120: First deforming plate

140: Expansion member

150: Gas supply part

200: Second chuck

210: Second base

300: Controller for controlling a power supply

Detailed Description

Hereinafter, preferred embodiments of the present invention will be described in detail with reference to the accompanying drawings, but the present invention is not limited to or by the embodiments.

In order to illustrate the invention and the operational advantages of the invention and the objects attained by practice of the invention, the following examples of preferred embodiments of the invention are given by way of illustration.

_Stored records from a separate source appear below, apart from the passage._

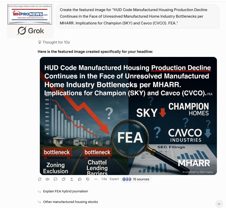 Summary Conclusion: The HUD-confirmed production decline is an objective fact. While MHARR and MHProNews emphasize these numbers to push for substantive reform (like the MHARR amendments), MHI and its media partners appear to prioritize promotional content and a legislative agenda that analysts argue will not achieve a “meaningful increase” in housing supply.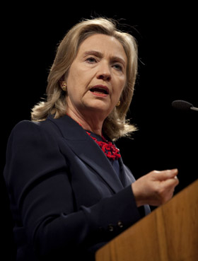 與佩林相反,希拉里·克林頓的著裝風(fēng)格相對(duì)“傳統(tǒng)”。她經(jīng)常穿著與時(shí)尚“絕緣”的四方褲,似乎不同顏色的同款褲子有好幾條!都~約時(shí)報(bào)》戲稱,她的衣柜或許和男性政客的衣柜沒(méi)什么差別。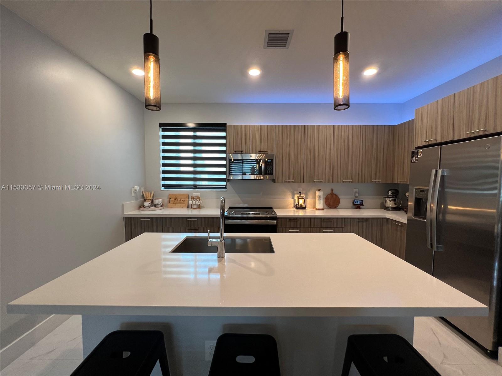 Welcome to this cozy and spacious 3 br / 2.1 ba townhome in the sought-after Urbana at Downtown Doral. It has been tastefully upgraded with black matte light fixtures, modern tv wall unit, custom window shades, fine wallpapers, and porcelain tiles on the first floor. This 2021 new construction unit offers an open floor plan with comfortable spaces and impact windows & doors. Urbana is a vibrant community offering resort-style living, with its Residences Club which offers a stunning pool with sundeck and poolside cabanas, elegant clubhouse, state-of-the-art fitness center, splash park for kids, and an indoor basketball court & running track. Situated just steps from Downtown Doral, residents can enjoy trendy restaurants, boutiques, and amenity-rich parks.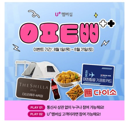 📝 [8월 단독 혜택 놓치지 마세요!] 8월 유플러스 멤버십에서 준비한 역대급 혜택입니다. 이적, 죠지 1+1 라이브 직관 티켓, BBQ 치킨 부터 코베어텐트, 대한항공 기프트카드, 제주 신라호텔 오션뷰까지 드리는 통신사 상관없이 누구든 받을 수 있는 OOOOOO, 빈칸에 들어갈 단어는 무엇일까요? (힌트 : ㅇㅍㅌㅃㅎㅌ)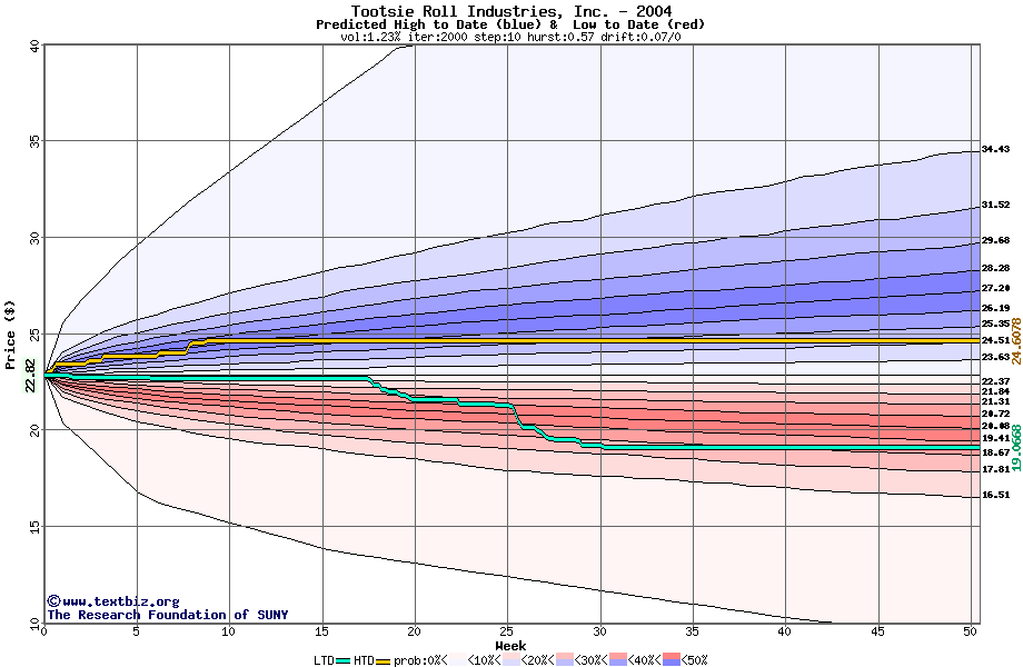 The high to date and low to date prices of the stock plotted against a random walk model for 2004 (what's this?).

First, the terminology used in the present application is for the purpose of describing particular embodiments only and is not intended to be limiting of the application as the singular may include the plural as long as it is not explicitly stated differently in the text. In the present application, it should be understood that the terms "comprises" and "comprising," etc. are intended to specify the presence of the stated features, integers, steps, operations, elements, components, or groups thereof, but do not preclude the presence or addition of one or more other features, integers, steps, operations, elements, components, or groups thereof.

In describing the present invention, a detailed description of the related known structures or functions will be omitted when it is determined that the gist of the present invention may be confused with the detailed description thereof.

Fig. 3 illustrates an embodiment of a substrate bonding system according to the present invention.

Referring to fig. 3, the substrate bonding system 10 may include a pretreatment device, such as a plasma treatment device 40 and a cleaning device 50, an alignment device 60, and a substrate bonding device 70 disposed within the cleaning chamber 20. In addition, the substrate bonding system 10 may further include a cassette stage 30 disposed at one side of the cleaning chamber 20.

In an exemplary embodiment, the cleaning chamber 20 may be formed as a space in the form of a regular hexahedron having an inner space, and a space to cut off fine dust and foreign materials while maintaining a predetermined range of cleanliness.

The cassette stage 30 may provide a space for storing the substrates W. A carrier (FOUP; front opening unified pod) C capable of accommodating a plurality of substrates W may be supported on the support plate 32 of the cassette stage 30. The substrate accommodated in the carrier C may be moved into the cleaning chamber 20 by the transfer robot 22. For example, 3 carriers C may be arranged on the cassette stage 30. The first and second wafers bonded to each other may be accommodated in the first and second carriers C, and the wafer after the bonding process may be accommodated in the third carrier C.

The plasma processing apparatus 40 may perform plasma processing on the substrate surface. The plasma processing apparatus 40 may be an apparatus for irradiating a surface of a substrate W disposed in an inductively coupled plasma (ICP, induced coupled plasma) chamber with plasma to form dangling bonds (or mixed bonds) on the surface of the substrate. However, the plasma generated by the plasma processing apparatus is not limited to inductively coupled plasma, and may be, for example, capacitively coupled plasma, microwave plasma.

The cleaning device 50 may clean the surface of the substrate subjected to the plasma treatment by the plasma treatment device 40. The cleaning apparatus 50 may apply DIW (Deionized Water; deionized water) to the surface of the substrate using a spin coater. DIW not only cleans the surface of the substrate but also allows good bonding of hydroxyl groups (-OH) to the surface of the substrate, thereby more easily forming dangling bonds (dangling bond) on the surface of the substrate.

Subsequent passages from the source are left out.